Beyond Preparing for Crisis Management

>Via the Ethics Institute at Penn State College of the Liberal Arts

In 1977, Robert M. White, the head of the National Oceanic and Atmospheric Administration, wrote a report for the National Research Council a branch of the National Academy of Sciences that concluded that CO2 released during the burning of fossil fuel could have consequences for climate that pose a considerable threat to future society. (White, 1978)

A government report prepared a few years later in 1981 declared that "[t]he responsibility of the carbon-dioxide problem is ours - we should accept it and act in a way that recognizes our role as trustees for future generations." (Charney et al., 1979) This report also estimated that the amount of warming that would be experienced from a doubling of the pre-industrial levels of CO2 would be 3 degrees C, very close to the amount that the "Intergovernmental Panel on Climate Change" would predict almost 30 years later." (Charney et al., 1979)

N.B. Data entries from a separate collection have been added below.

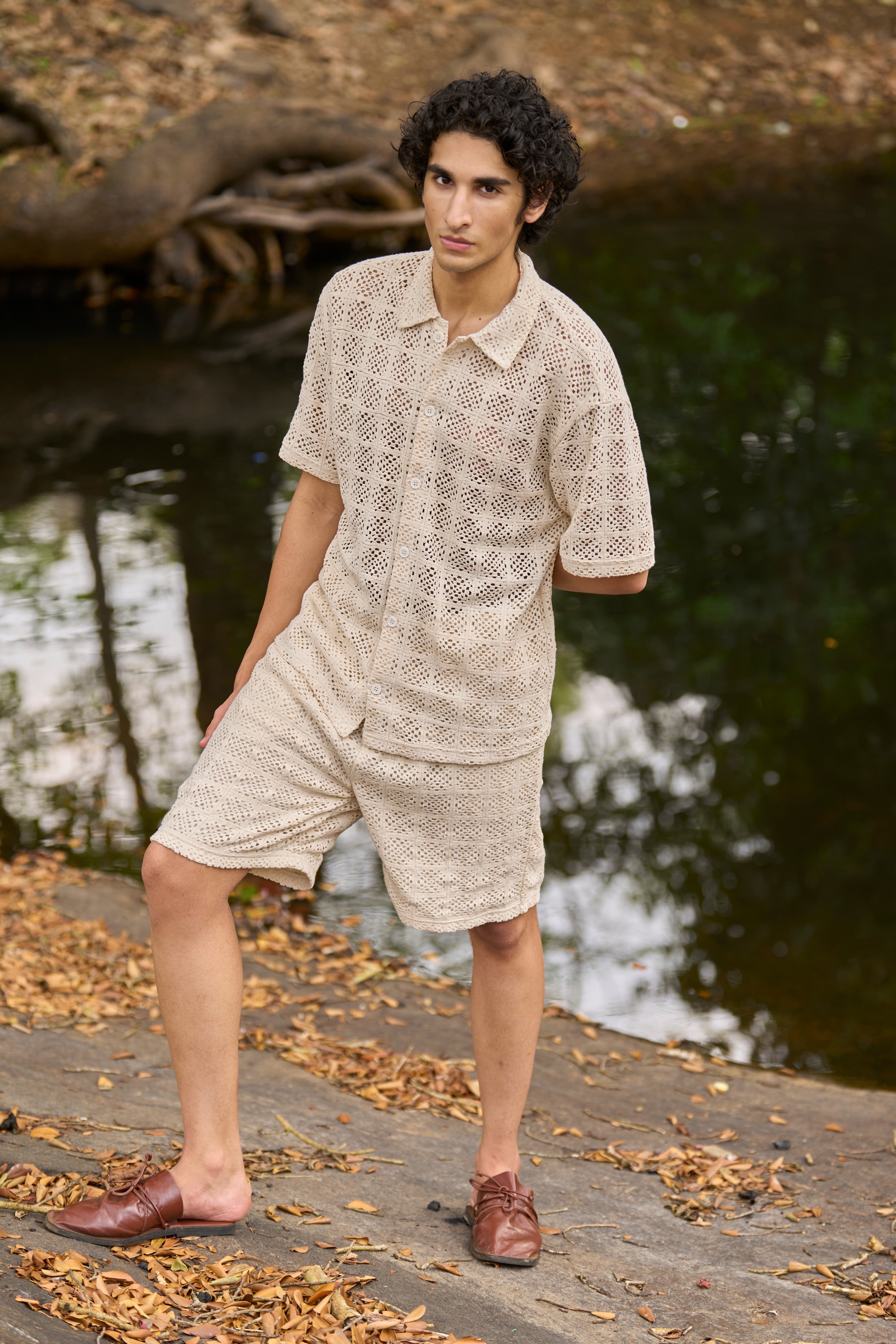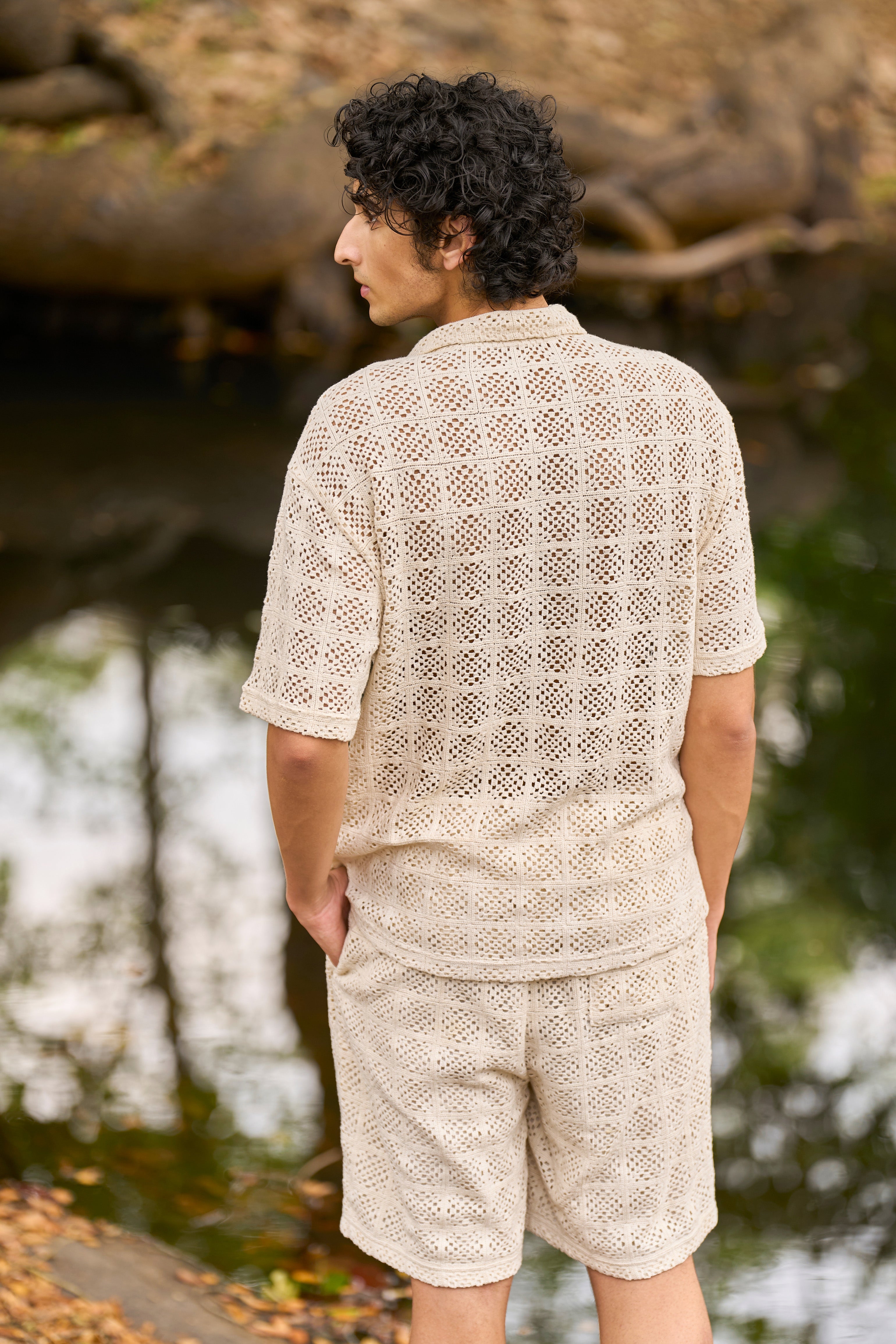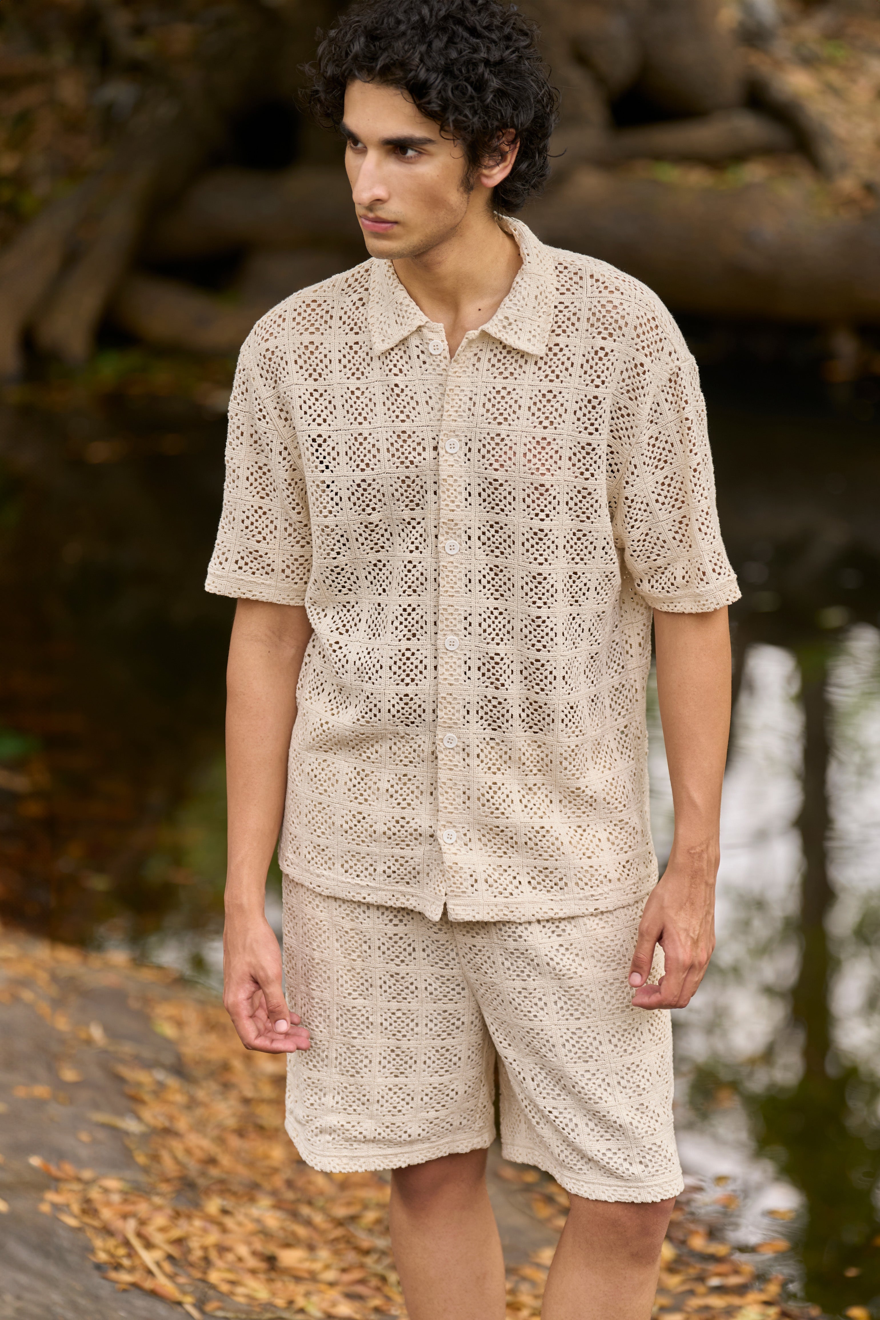 Natural crochet knit shirt in a geometric pattern. Button down front, half sleeves. Paired with matching knit shorts with an elasticated waistband with a drawstring. Includes side pockets and a back patch pocket. Shorts are fully lined.
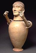 Самыми знаменитыми подобными произведениями являются терракотовые этрусские саркофаги; но им предшествовали бронзовые и глиняные урны, а с VIIв. до н.э. канопы, (См. Приложение, рис.1) чьи навершися выполнялись в форме человеческой головы (например, канопы из Кьюзи, Четоны, Солайи), а ручки выполнялись в форме человеческих рук. Уже в VIII—VII веках до н.э. крышки урн украшались масками, которые схематично и примитивно передавали человеческое лицо. Волосы передаются прямыми линиями, прочерченными в глине, черты лица крупные и грубоватые, большой нос и плотно сжатый рот с узкими губами.
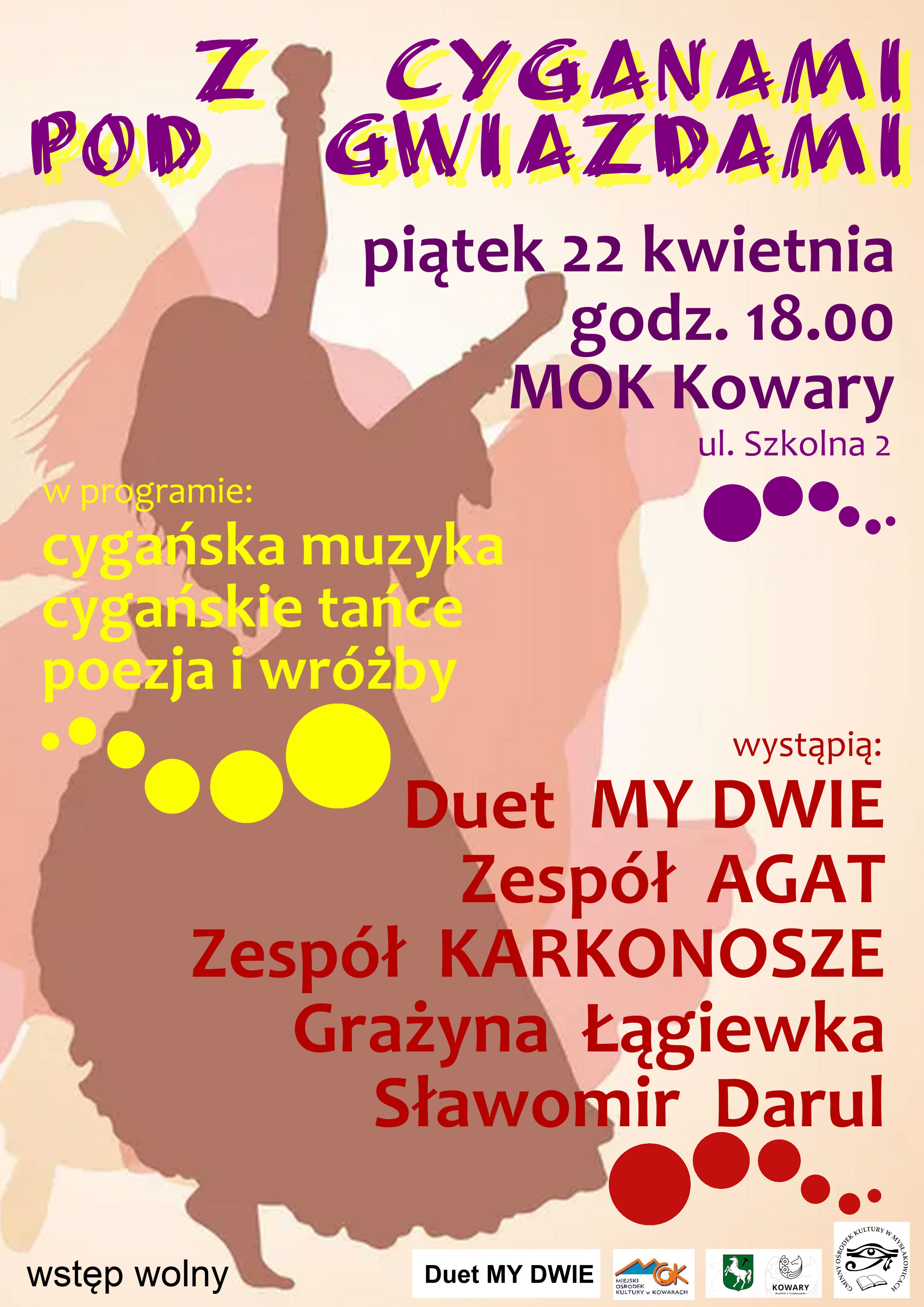 Z Cyganami pod gwiazdami – koncert na sali widowiskowej MOK Data publikacji 14 kwietnia 2022 by Maciej Janas Zapraszamy 22 kwietnia 2022 na koncert „Z Cyganami pod gwiazdami”. Wystąpi duet My dwie w towarzystwie zespołów Karkonosze i Agat. Godz. 18.00 sala widowiskowa MOK w Kowarach. Wstęp wolny.

For over thirty-five years, the US Academy of Sciences has warned the US about the enormous threats of climate change with each successive report making stronger claims that human caused climate change is a serious threat to civilization. If the United States can be accused of failing to live up to its ethical responsibilities to the rest of the world on climate change, one cannot blame the US Academy of Sciences for failing to ring alarm bells. US citizens cannot claim that their most prestigious scientific institutions have failed to take a position on the seriousness of climate change.

The failure of the United States to respond to climate change can be attributed in largest part to a well-financed, well-organized climate change disinformation campaign. As ClimateEthics has previously cited, see "A New Kind of Crime Against Humanity?: The Fossil Fuel Industry's Disinformation Campaign On Climate Change". (Donald Brown, 2010a)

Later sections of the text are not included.